The events of September 11 added energy and urgency to this goal, as an active citizenry became an important bulwark against terrorist threats. These policy aims took their most concrete form in the 2002 State of the Union address, when President Bush called on all Americans to devote at least two years—or 4,000 hours—over their lifetimes in service to their communities, nation, and world. The president announced he had created the USA Freedom Corps to promote and coordinate government and private-sector efforts to give Americans more meaningful service opportunities to answer that call. As part of the USAFreedom Corps he also formed Citizen Corps to help citizens play appropriate roles in meeting the nation’s emerging homeland defense needs and called for expanding the Peace Corps, Senior Corps, and AmeriCorps.

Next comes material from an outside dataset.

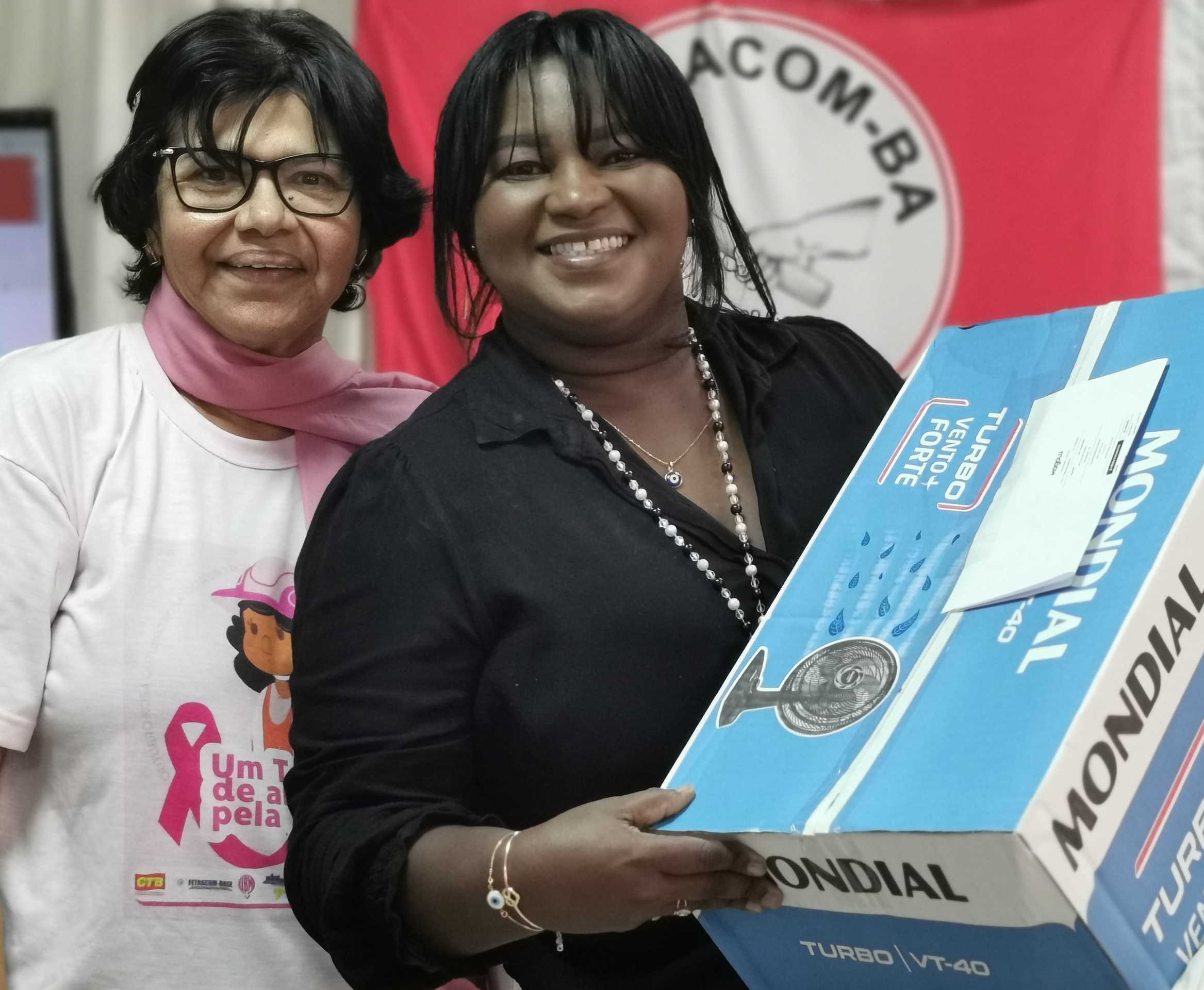 Teve sorteio de brindes, no final da atividade que o SINTRACOM-BA, através da Secretaria de Mulheres, promoveu em sua sede, no dia 09/03, para marcar o Dia Internacional da Mulher, 8 de Março.

The president’s embrace of national service programs, while springing directly from his philosophy of compassionate conservatism, no doubt surprised many people who had come to associate such efforts with Democratic presidents. Few people dispute that the voluntary efforts of citizens can make neighborhoods safer, the environment cleaner, children more prepared to face life’s challenges, seniors healthier, and communities better able to deal with emergencies. But the challenge for many has been to define the role government ought to play in this arena. Can federally funded service be administered in a way that protects the independence of the civic sector and ensures that citizens, rather than government, take responsibility for the health and safety of their neighborhoods and their nation?

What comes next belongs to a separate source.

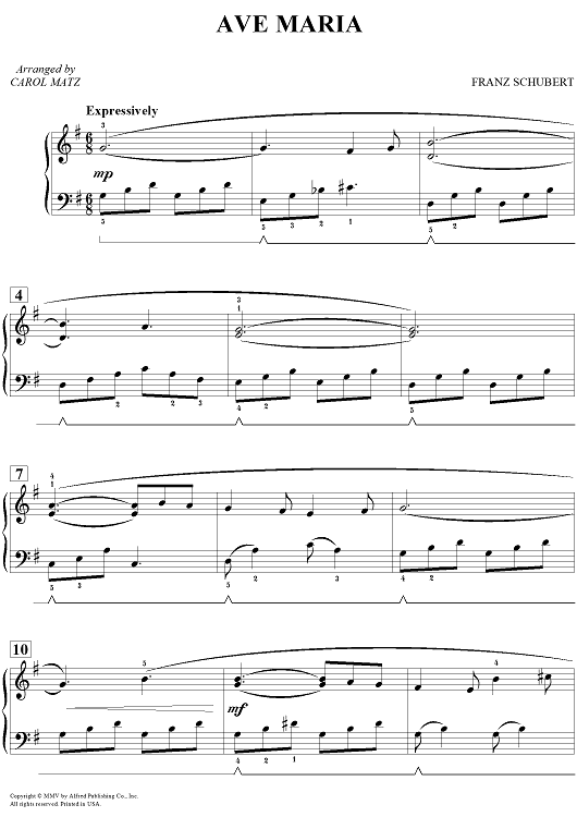 Digital Sheet Music for Ave Maria by Franz Schubert, Carol Matz scored for Piano; id:453945

Government and the Voluntary Sector

A long tradition in American politics warns against allowing government to encroach on the private sector. No less a student of American democracy than Alexis de Tocqueville warned that the growth of government could weaken the American tradition of joining civic groups. In the 1950s, sociologist Robert Nisbet, among others, lamented the decline of community, blaming it on the destructive effects of an expanding welfare state. Recently, a host of figures, especially Robert Putnam in his book Bowling Alone, have warned that Americans are reaching dangerous levels of civic disengagement, one measure of which is declining interest in volunteering and civic associations.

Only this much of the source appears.